The problem ▸
Would you copy exactly the lines in the data below from the one that has "El dia anterior" through the one that has "P.P.S. Вот сделал", dropping any pictures?

+-------+

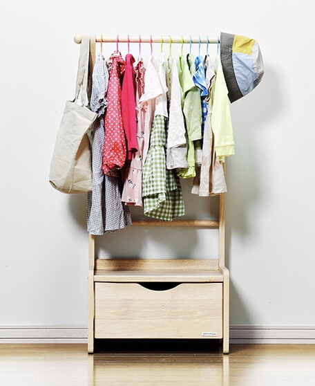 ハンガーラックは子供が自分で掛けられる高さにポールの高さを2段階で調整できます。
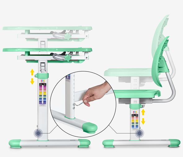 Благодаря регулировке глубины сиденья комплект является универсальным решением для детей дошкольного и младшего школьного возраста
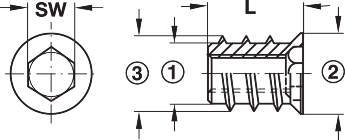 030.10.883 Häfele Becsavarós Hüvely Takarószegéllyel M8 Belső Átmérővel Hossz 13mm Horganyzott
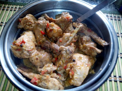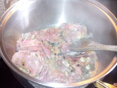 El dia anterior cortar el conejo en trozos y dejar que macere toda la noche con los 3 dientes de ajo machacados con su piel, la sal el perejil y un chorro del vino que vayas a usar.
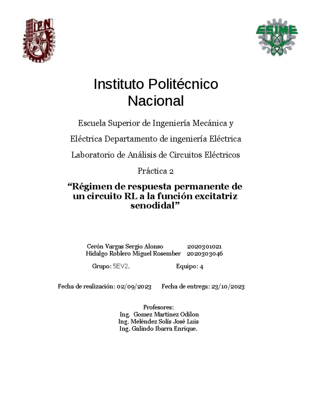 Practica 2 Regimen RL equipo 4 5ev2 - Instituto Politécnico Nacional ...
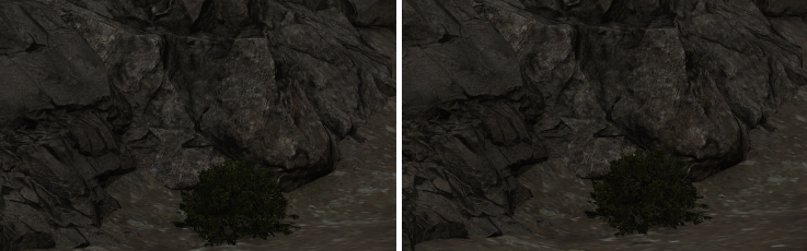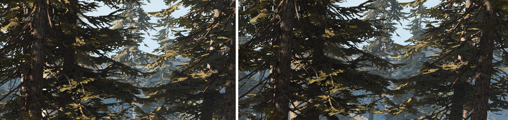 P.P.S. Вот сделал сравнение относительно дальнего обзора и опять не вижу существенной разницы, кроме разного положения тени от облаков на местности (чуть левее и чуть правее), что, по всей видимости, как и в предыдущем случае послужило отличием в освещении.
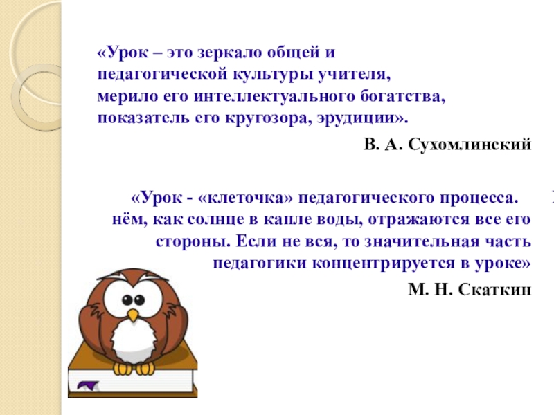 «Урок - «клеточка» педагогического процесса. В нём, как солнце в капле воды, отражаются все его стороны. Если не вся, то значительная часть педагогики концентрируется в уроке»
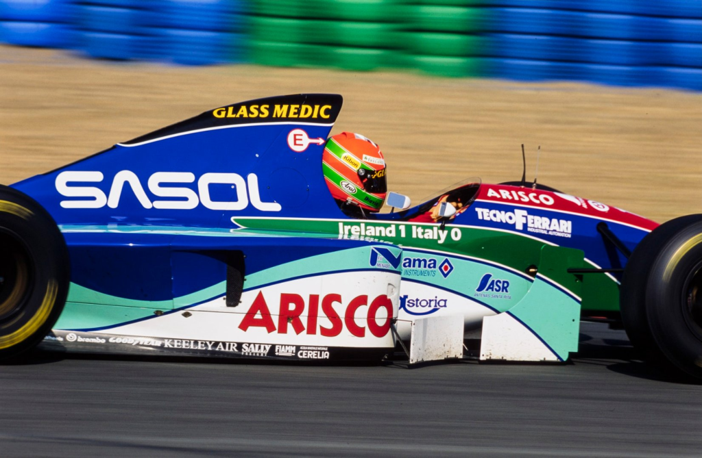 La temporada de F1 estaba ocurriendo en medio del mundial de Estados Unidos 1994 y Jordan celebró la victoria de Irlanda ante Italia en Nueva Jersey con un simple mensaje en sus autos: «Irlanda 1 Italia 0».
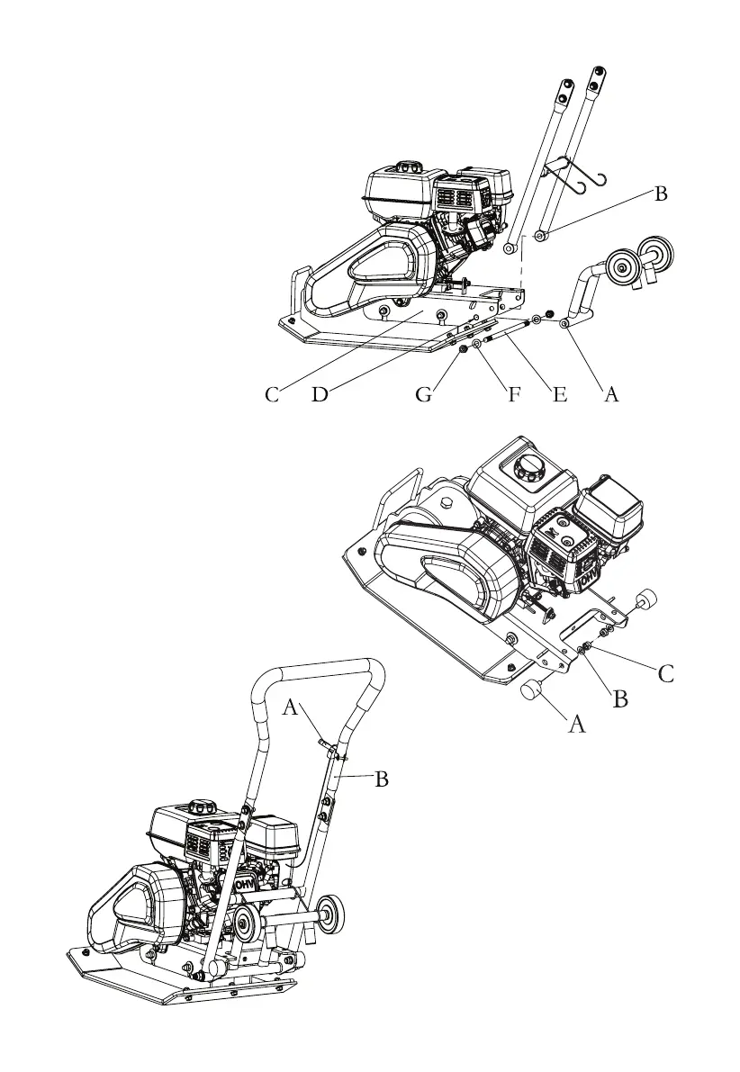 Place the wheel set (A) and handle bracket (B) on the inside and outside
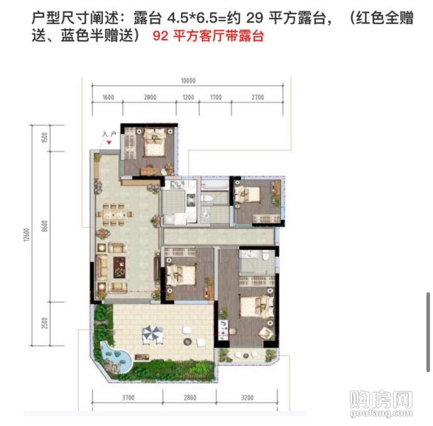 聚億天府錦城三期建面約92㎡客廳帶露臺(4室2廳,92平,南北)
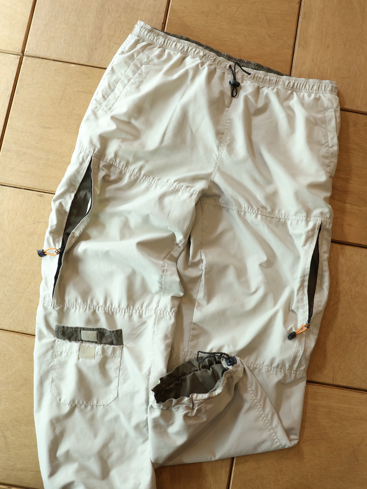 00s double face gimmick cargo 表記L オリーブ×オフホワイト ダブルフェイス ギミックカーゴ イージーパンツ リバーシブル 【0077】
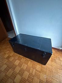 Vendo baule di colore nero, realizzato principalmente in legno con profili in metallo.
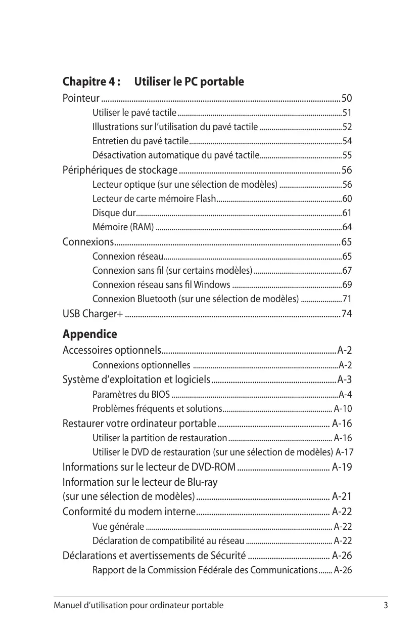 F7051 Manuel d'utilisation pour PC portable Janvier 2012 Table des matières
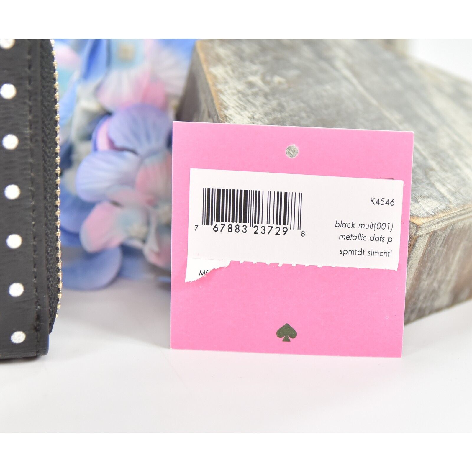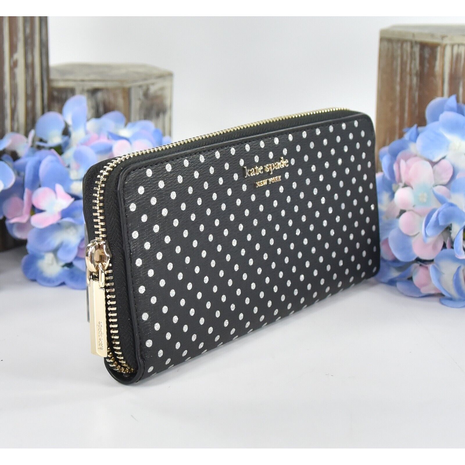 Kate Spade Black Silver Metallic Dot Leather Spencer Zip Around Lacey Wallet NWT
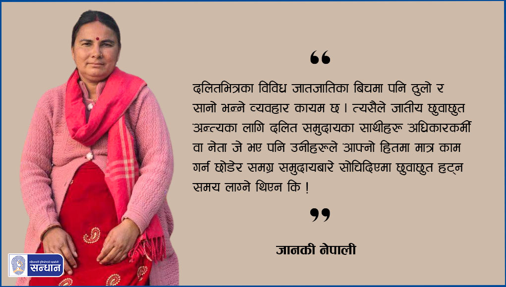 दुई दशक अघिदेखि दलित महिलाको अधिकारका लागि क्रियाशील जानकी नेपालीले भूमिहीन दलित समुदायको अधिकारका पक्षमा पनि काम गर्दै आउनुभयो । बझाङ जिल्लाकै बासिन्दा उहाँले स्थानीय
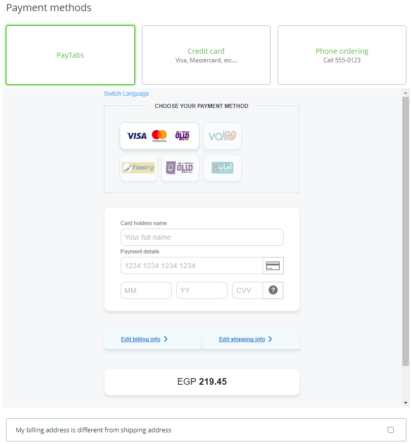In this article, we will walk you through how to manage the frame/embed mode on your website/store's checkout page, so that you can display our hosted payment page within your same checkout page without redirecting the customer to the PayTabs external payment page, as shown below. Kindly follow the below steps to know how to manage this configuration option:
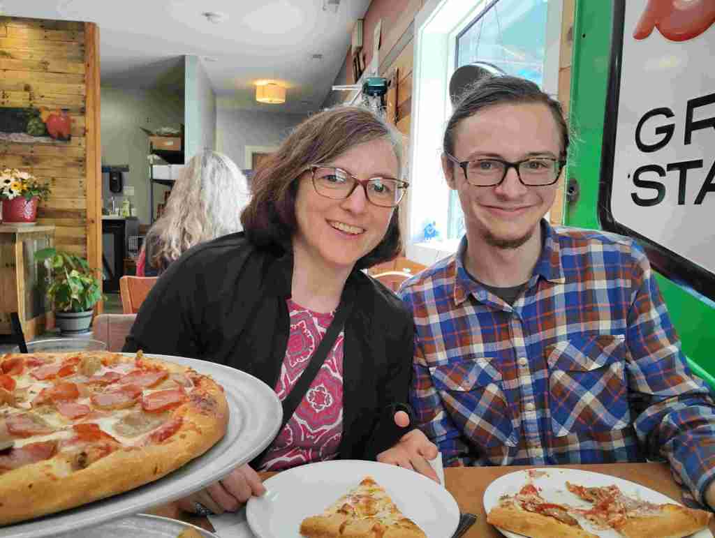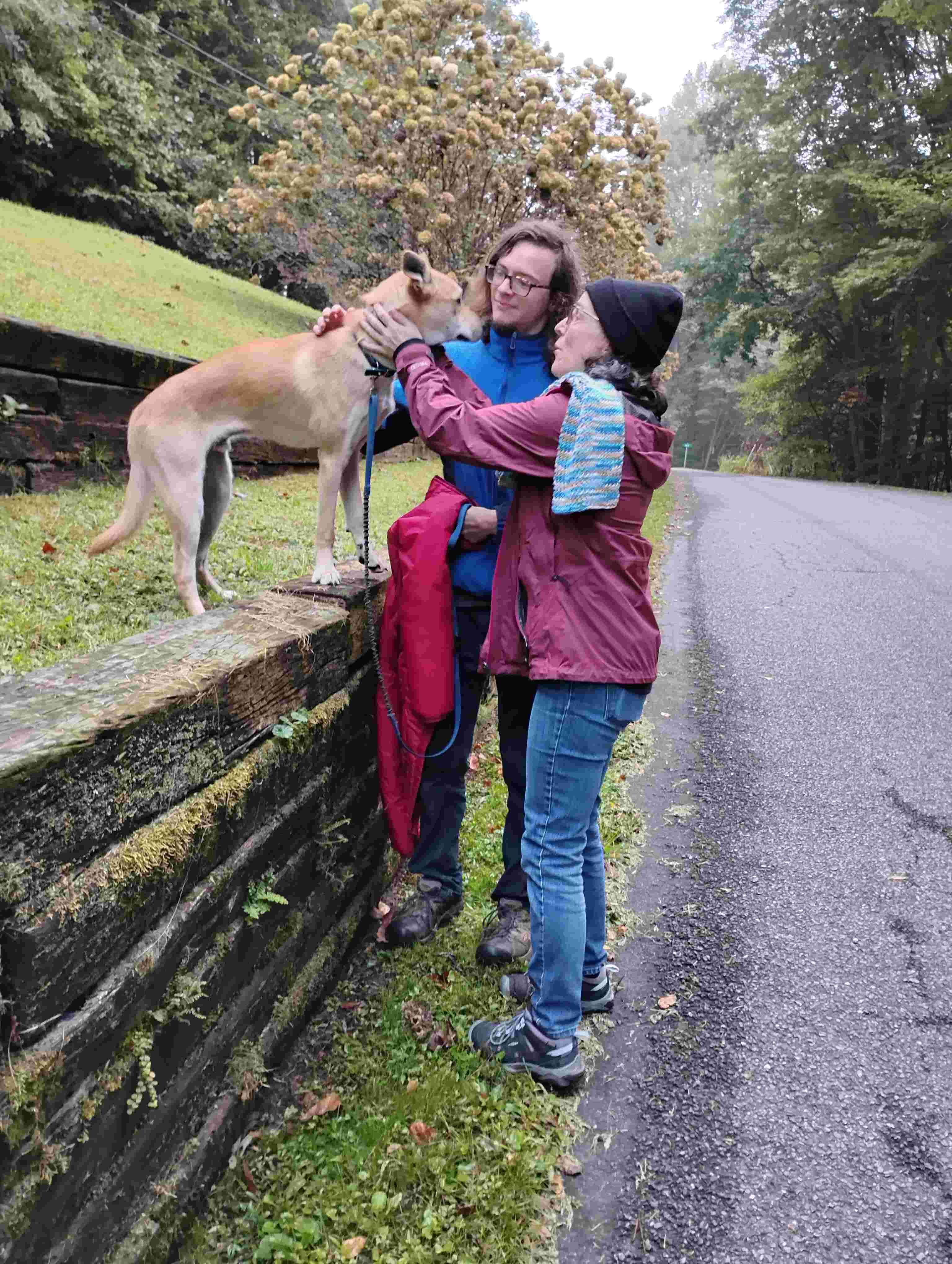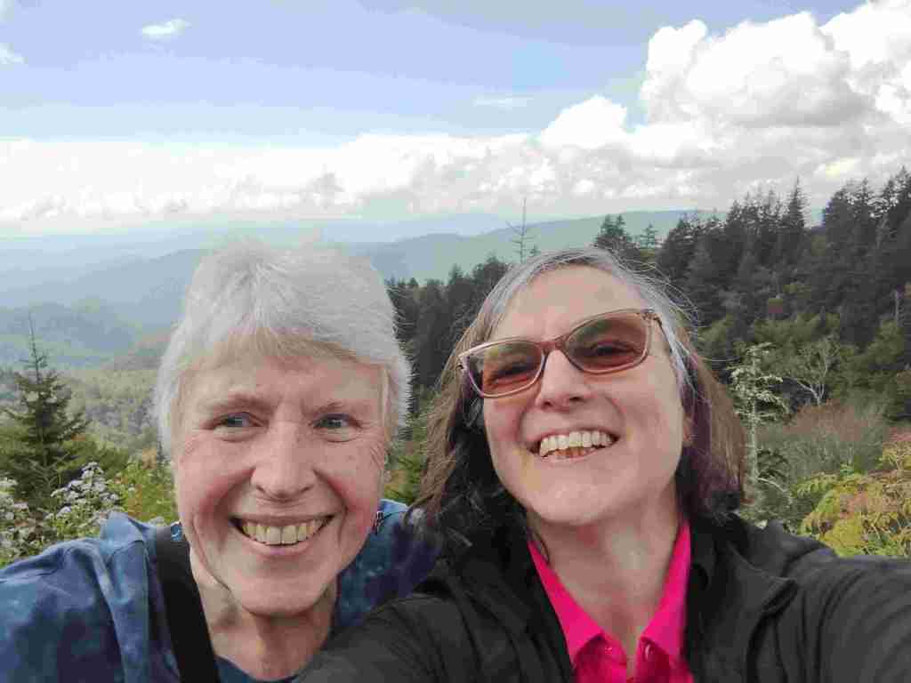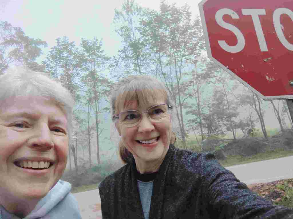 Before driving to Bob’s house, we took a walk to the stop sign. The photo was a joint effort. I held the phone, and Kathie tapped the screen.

+-------+

Response ▸
 El dia anterior cortar el conejo en trozos y dejar que macere toda la noche con los 3 dientes de ajo machacados con su piel, la sal el perejil y un chorro del vino que vayas a usar.
 Practica 2 Regimen RL equipo 4 5ev2 - Instituto Politécnico Nacional ...
 P.P.S. Вот сделал сравнение относительно дальнего обзора и опять не вижу существенной разницы, кроме разного положения тени от облаков на местности (чуть левее и чуть правее), что, по всей видимости, как и в предыдущем случае послужило отличием в освещении.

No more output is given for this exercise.